The impact of the BCM cannot be overestimated in a society that defined students according to physical traits, culture, religion, language and gender. The concept that 'black is beautiful' was mind-blowing, as was the idea of uniting all oppressed people under one umbrella of being 'black'. This was an important rallying point. The BCM organisation that began to emerge in the Western Cape then, was the Azanian People's Organisation (AZAPO), although it did not have an established presence in the schools, unlike the NEUM.
The TLSA taught students that the concept of race had no scientific basis or validity. That the concept of race had historically justified the economic exploitation of people outside of European, and had its origins in the Atlantic Slave Trade and Colonialism, and therefore racist ideology and class exploitation were inextricably linked. This was the most liberating idea the TLSA imparted to students, and by providing this framework, allowed Coloured students to think outside the confines of Coloured education.
It was most probably this factor that gave the leadership of the Committee of 81 the necessary spirit, self-confidence and courage to defy the Apartheid government. So, the TLSA whose motto was, 'Let us live for our children', could not understand the actions of their children, or that their influence had contributed to their children's rebellion.
This non-antagonistic contradiction is most aptly summarised by a poem of Khalil Gibran when he said:
Your children are not your children. They are the sons and daughters of Life's longing for itself. They come through you but not from you, And though they are with you, yet they belong not to you, You may give them your love but not your thoughts. For they have their own thoughts. You may house their bodies but not their souls, For their souls dwell in the house of tomorrow, which you cannot visit, Not even in your dreams. You may strive to be like them, but seek not to make them like you. For life goes not backward nor tarries with yesterday. You are the bows from which your children as living Arrows are sent forth...
The sad fact is that the TLSA failed to recognise that in many ways their teachings at high schools, over a period of time had paved the foundation for the student protests.
By August 1980, a number of Committee of 81 members were detained, whilst the remaining few went into hiding, and continued with the student protest. After many debates the boycott eventually ended at Coloured and Indian schools but continued at African schools.
After the spate of detentions in 1980, the Committee never again met as a group, nor did their energies ever again find a collective organisational expression.
However, the Committee had influenced a generation of students.
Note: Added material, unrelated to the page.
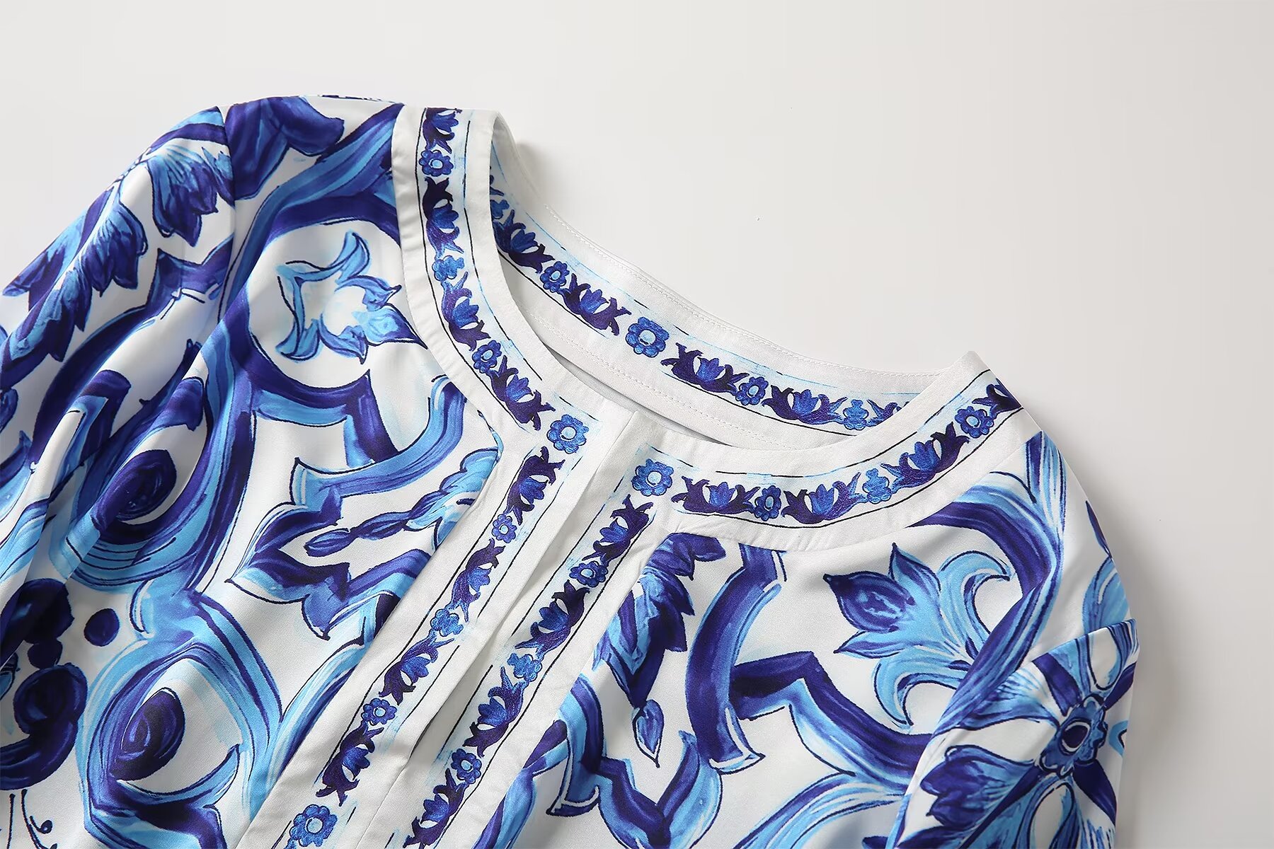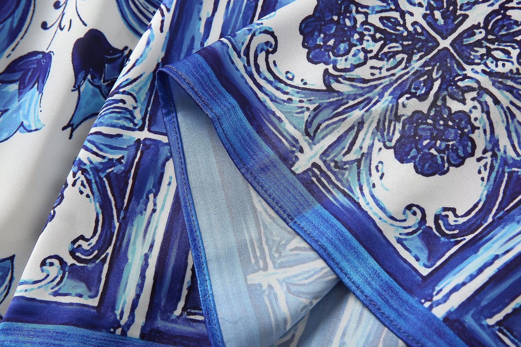 欧货女装春秋新款轻奢高级感青花瓷大摆长裙大码宽松度假风连衣裙

For some of us 1980 was a baptism of fire, there was no going back. So today, members of the Committee of 81 can look back on the student protest they led 25 years ago amidst tremendous social tumult. We can reflect critically on the successes and failures of that period. As the Committee of 81, with all our differences, we can definitely claim to have challenged the might of the Apartheid government. We never accepted their racist ideology. Instead we believed in our common humanity and destiny as South African students. We can say that for a brief moment in time, through our words and our actions, we truly lived in the house of tomorrow.